There's an elephant in the room — three, actually — at the St. Paul Osman Shrine Circus. The 93-year-old show, running this weekend on the Minnesota State Fairgrounds, continues to exhibit exotic animals, even as larger circuses are phasing out their pachyderm performers.

After years of pressure from animal welfare activists, the big cats and elephant acts are facing an uncertain future. Ringling Bros. and Barnum & Bailey plans to retire the last of its elephants next month. Dozens of municipalities in recent years have banned the use of exotic animals in the circuses that pass through town. Handlers, who have to keep up with tightening restrictions and ballooning paperwork, are leaving the business. And circus producers admit uncertainty about the future of animals in their shows.

But the show goes on at the Osman Shrine Circus, a fundraiser for the local Shriner fraternity. Animals, says spokesman Jim Berg, are one of the biggest draws to the annual event, which raises a majority of the club's funds for the year.

"People call and ask, 'Will you have the elephants?' The animals are what make it the true American circus," Berg said.

Activists, however, claim the methods used to train exotic animals are abusive, and that their living conditions are inhumane.

"Captivity just couldn't be worse for elephants and tigers," said Rachel Mathews, counsel for the Captive Animal Law Enforcement division for the People for the Ethical Treatment of Animals Foundation. "Abuse has no place at a family-friendly event like a Shrine Circus."

With Ringling's decision, as well as SeaWorld's recent announcement that it would end its orca breeding program, Mathews says attitudes have changed enough that animal-free circuses could be the way of the future.

"Ringling is simply the first domino to fall, and the writing is on the wall that people don't want to see animals used in the circus," she said. "Human performers are the true star of the show, and the show is absolutely going to go on without animals."

Those in the industry acknowledge the power of public opinion.

"We're losing the battle," said James Hamid of New Jersey-based Hamid Circus Inc., producer of the Osman Shrine Circus. "And it's just a PR battle we're losing, because when people come in and actually see the animals and how well cared for they are, it changes your opinion."

Seals and chimpanzees have already vanished from circuses, and there are only a couple of dog acts and bear acts left in the country.

For those who have devoted their lives to the circus, a show without animals is inauthentic, even sad.

"People complain that circuses are antiquated and want to do away with animals entirely, which is ridiculous," said Peter Sturgis, who is in his 36th year as a ringmaster. "Animals are the circus. [Without them], we'd be in a very sad state of affairs."

A fading tradition

The handlers working the show insist their animals are cared for according to code, even as those codes get stricter.

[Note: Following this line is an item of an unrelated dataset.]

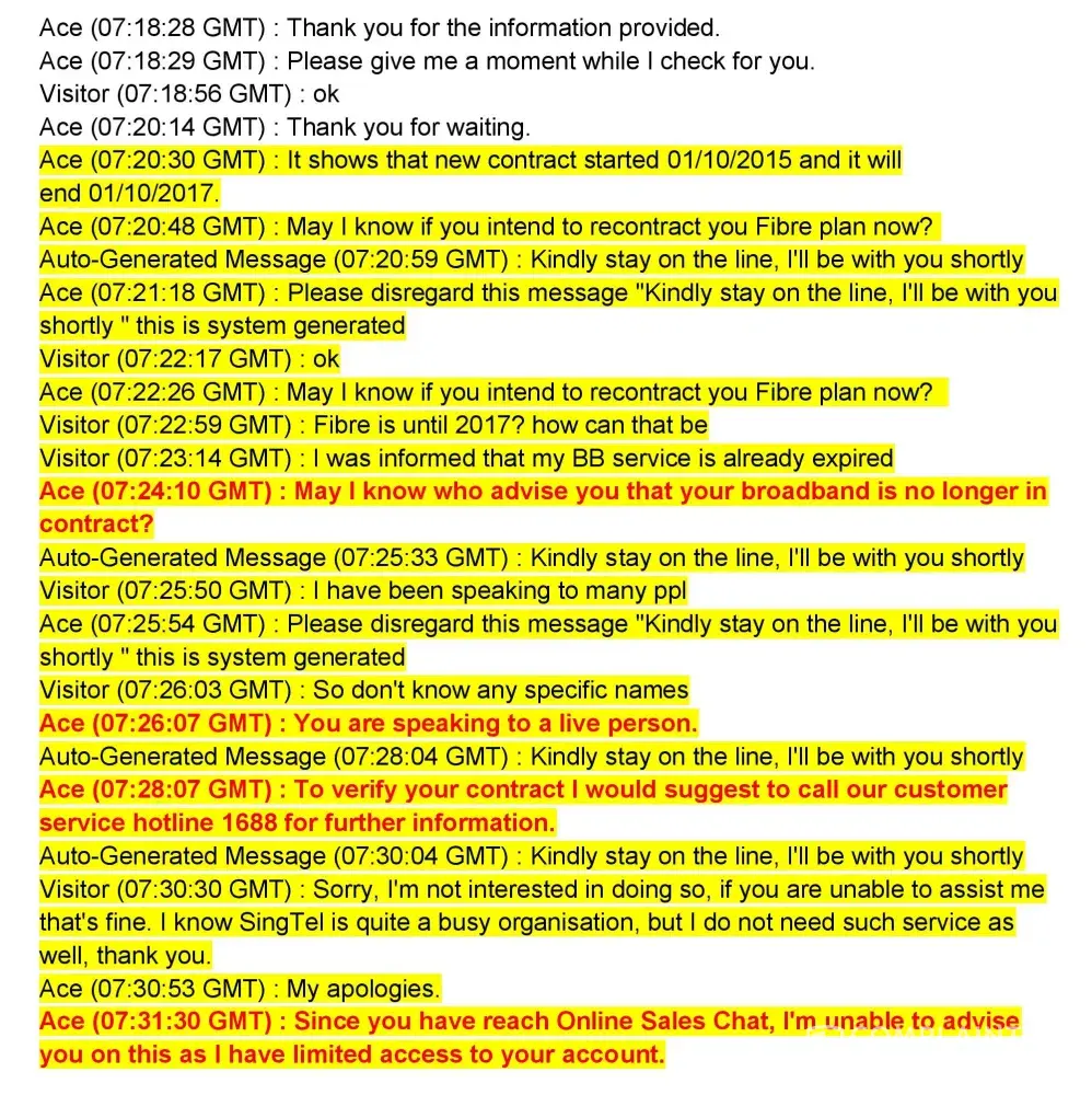 What kind of service is this? I had a chat with your sales person through your website and when I questioned him to confirm with the dates of my contract date, they simply ask me to call @ 1688, then what for are they there? And moreover, they claim to be a 'live person'. The excuse he/she gave me is that they have limited access to my account.

On the fairgrounds, a long, white trailer divided into cages is the mobile home of two tigers, two lions and a lioness. They were born in captivity; Mofasa, an African lion with a grand mane, was the size of a "stuffed animal" when sixth-generation trainer Vincent Von Duke bought him for $300 eight years ago. Von Duke bottle-fed the lion.

"Basically, we're like farmers, with 10 minutes of glamour a day," Von Duke said. "These are not wild animals."

The animals are housed during the circus in the Cattle Barn. The elephants, which go on last in the show, stay in a white tent with hay covering the floor, an electric heater recreating the warmth of the tropics they were born in.

Brian Franzen, their owner, says his is one of around 15 elephant acts still in operation, not including Ringling. One of his charges, Ellie, is older than he is; his father, Wayne, a Wisconsin dairy farmer who loved exotic animals, bought her. (Wayne Franzen was killed during a tiger act in 1997.)

Franzen has long been a target of activists; PETA has a fact sheet on him that lists years of animal welfare complaints. Though he lightheartedly refers to circus protesters as "my friends who gather out there with the signs," their allegations against him of abuse, he says, are "slander and it's not true."

About an hour before the first St. Paul show Thursday morning, dozens of kids lined up for rides on a live pony merry-go-round, and on one of two elephants, for $10.

Becky Jelinek of Menomonie, Wis., took her children, Annabelle, 2, and Charlie, 5, for a ride on Patty the elephant. She is aware of the controversy over animal abuse at other circuses.

"If I heard anything about that [here], then I probably wouldn't go," she said.

But if animals were banned altogether? "It doesn't mean the worst thing," she said. "The circus is still the circus."